Background: Blood conservation using autologous platelet-rich plasma (aPRP), a technique of whole blood harvest that separates red blood cells from plasma and platelets before cardiopulmonary bypass with retransfusion of the preserved platelets after completion of cardiopulmonary bypass, has not been studied extensively. We sought to prospectively determine whether aPRP reduces blood transfusions during ascending and transverse aortic arch repair.
Methods: We randomly assigned 80 patients undergoing elective ascending and transverse aortic arch repair using deep hypothermic circulatory arrest to receive either aPRP (n = 38) or no aPRP (n = 42). Volume of aPRP retransfused was 726 ± 124 mL. The primary end point was transfusion amount. Secondary end points were death, stroke, renal failure, pulmonary failure, and transfusion costs. Perioperative transfusion rate was defined as blood transfusions given during surgery and up to 72 hours afterward. The surgeon and intensivist were blinded to the treatment arm. Because an anesthesiologist initiated the protocol, the surgeon was not aware of aPRP collection, as this occurred only after the sterile drape was in place. In addition, because cell salvage was performed on all cases, differentiation in perfusionist activities (during spinning of aPRP) was not evident. Platelet, fresh frozen plasma, and cryoprecipitate intraoperative transfusions were performed only after heparin was reversed and the patient was judged as coagulopathic on the basis of associated criteria: cryoprecipitate transfusion for fibrinogen level less than 150 μg/dL, platelet transfusion for platelet count less than 80,000, and fresh frozen plasma when thromboelastogram test was suggestive or a partial thromboplastin time was greater than 55 seconds, and prothrombin time was greater than 1.6 seconds.

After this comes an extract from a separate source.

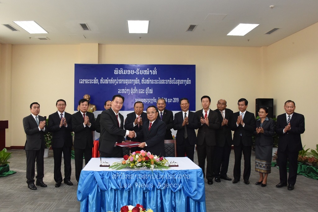 ຂ່າວ: ຂປລ, ໃນວັນທີ 24 ຕຸລາ 2019 ໄດ້ມີພິທີເຊັນບົດບັນທຶກມອບ-ຮັບໜ້າທີ່ລະຫວ່າງທ່ານ ຄຳພັນ ພົມມະທັດຫົວໜ້າຫ້ອງວ່າການສູນກາງພັກຄົນເກົ່າໄປເປັນຫົວໜ້າຄະນະໂຄສະນາອົບຮົມສູນກາງພັກຄົນໃໝ່, ຍ້າຍທ່ານ ກິແກ້ວ ໄຂຄຳພິທູນ ເລຂາຄະນະບໍລິຫານງານພັກ, ຫົວໜ້າຄະນະໂຄສະນາອົບຮົມສູນກາງພັກຜູ້ເກົ່າໄປຮັບໜ້າທີ່ໃໝ່ ແລະຍ້າຍທ່ານ ທອງສະລິດ ມັງໜໍ່ເມກ ມາເປັນຫົວໜ້າຫ້ອງວ່າການສູນກາງພັກຄົນໃໝ່,ໂດຍໃຫ້ກຽດເຂົ້າຮ່ວມເປັນສັກຂີພິຍານຂອງ ທ່ານ ບຸນຍັງວໍລະຈິດ ປະທານປະເທດພ້ອມດ້ວຍພາກສ່ວນກ່ຽວຂ້ອງເຂົ້າຮ່ວມເປັນສັກຂີພິຍານ.
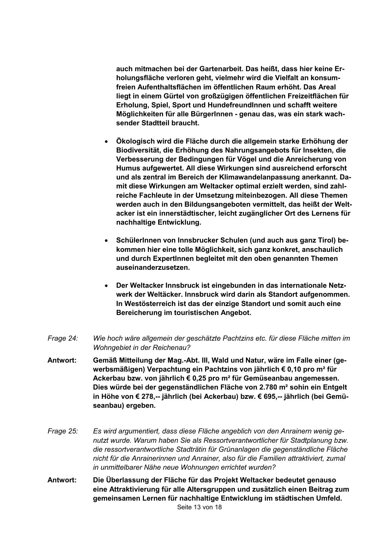auch mitmachen bei der Gartenarbeit. Das heißt, dass hier keine Erholungsfläche verloren geht, vielmehr wird die Vielfalt an konsumfreien Aufenthaltsflächen im öffentlichen Raum erhöht. Das Areal

Results: Early mortality, stroke, and respiratory complications were similar between groups. Only acute renal failure was reduced in the aPRP group, 7% versus 0% (p < 0.014). Mean transfusion rate of packed red blood cells was reduced by 34%, fresh frozen plasma by 52.8%, cryoprecipitate by 70%, and platelets by 56.7% in the aPRP group (p < 0.02). Hospital length of stay (9.4 ± 5.3 days versus 12.7 ± 6.3 days; p < 0.014) and transfusion costs ($1,396 ± $1,755 versus $2,762 ± $2,267; p < 0.004) were reduced in the aPRP group.
Conclusions: The use of aPRP reduced allogeneic transfusions during ascending and transverse aortic arch repair with deep hypothermic circulatory arrest. This translated to less acute renal failure, decreased length of stay, and lower transfusion costs. Further studies examining the coagulation factors of aPRP are required.